5 minute read

Common Job Curses

Personal Branding To Stand Out From The Crowd



Job Seeker's Story

Josh was astonished when he was let go after his company in the medical electronics instrumentation industry was bought out by its top competitor. Because Josh had been #1 in sales for the past five years (out of his six years with the company), he assumed he was vital to company operations and, thus, immune from company layoffs.



Because he never imagined he would be job-hunting any time soon, Josh did not have an up-to-date résumé ready to go. While he struggled with writing one, he started getting “nibbles” of interest from other companies in the industry, as well as related industries. Hoping to capitalize on their interest, Josh hurriedly crafted a reverse-chronological listing of jobs he had held with snippets of job descriptions for each. He even included a couple of accomplishments, including his number-one sales status. After emailing his one-page résumé, Josh sat back and waited for what he was sure would be a flood of interview requests. Curiously, no interviews materialized.

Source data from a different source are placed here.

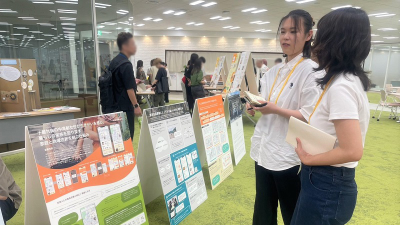 会場内では学生のプレゼンに対して互いの学生や教員、企業の方々との熱意ある対話が繰り返され、参加した本学の1年から4年の15名は、UXデザインやソーシャルイノベーションの学びが他大学にどのように受け止められるのかを知る貴重な機会となりました。また企業のデザイン部署で活躍する多くの卒業生も集い、厳しくも暖かい意見をいただくことができました。
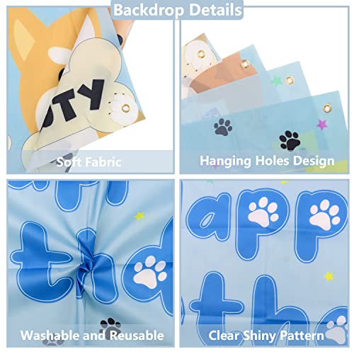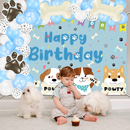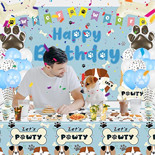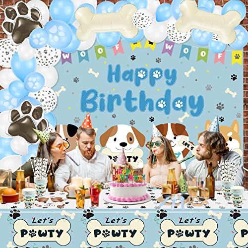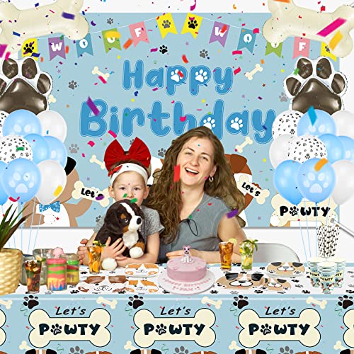 QUERICKY Forniture per feste di compleanno a tema cane per bambini, animali domestici, include sfondo di buon compleanno, piatti, palloncini, tovaglie, tovaglioli, tazze, per 20 ospiti
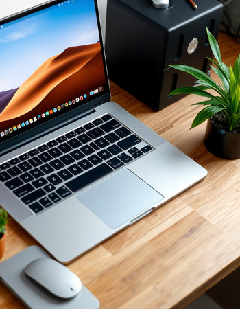Close up of a laptop on a wooden desk with a computer mouse and a plant
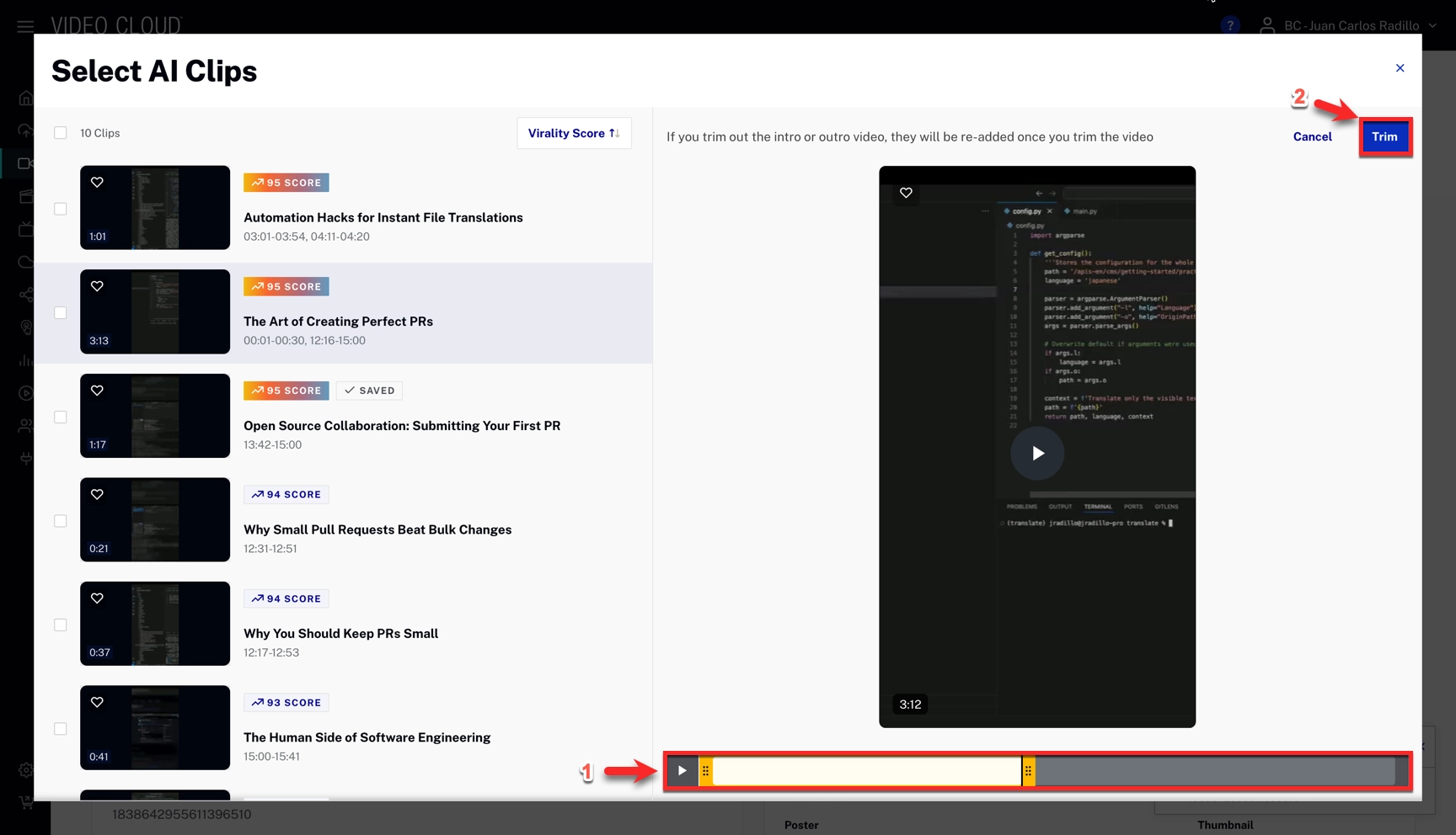 バイラリティ スコアは、感情的なインパクト、トレンドとの一致度、共有しやすさ、ストーリーの分かりやすさなどの要素に基づいて、クリップのエンゲージメント度を推定します。

Kevin found himself in a similar job search situation with no interviews. While Kevin was still employed at what he termed a “dead-end job” in the financial information-management industry, he had responded to online job postings with his updated résumé and gotten no interview offers. As a project manager, Kevin assumed his type of job would be in demand and, therefore, had spent little time on preparing his résumé. Kevin did include descriptions of five of his major projects in the past four years, and their ultimate outcomes. (In some cases the projects had died due to change of executive leadership and company priorities.)

Job Seeker's Stumble

Both Josh and Kevin started their résumés with their name and contact information, and then proceeded directly into listing their job history (with sparse descriptions and accomplishments) in reverse order, as well as education and training. Although Josh's and Kevin's résumés were an accurate depiction of their career histories, and did include minimal accomplishments, they did not persuade potential employment reviewers to contact them. In particular, the dry facts of their work history and educational background did nothing to convey their personality. For occupations in Sales and Project Management—where interpersonal, communications, and leadership skills are paramount—Josh and Kevin did not contribute any sense of their personal style, value-added benefits to the employer, and potential cultural fit.

Job Seeker's New Strategy

Because companies typically invest thousands of dollars per hire in the recruiting and interviewing process, they do not seek out “ordinary” candidates who portray themselves on a resume with deadly boring details or with no personality and impact. The reason that extraordinary candidates stand out and get hired is because 1) they demonstrate value (benefits) that the employer absolutely wants, and 2) they showcase a memorable and positive personal brand that is a quality match between the candidate and the company/team.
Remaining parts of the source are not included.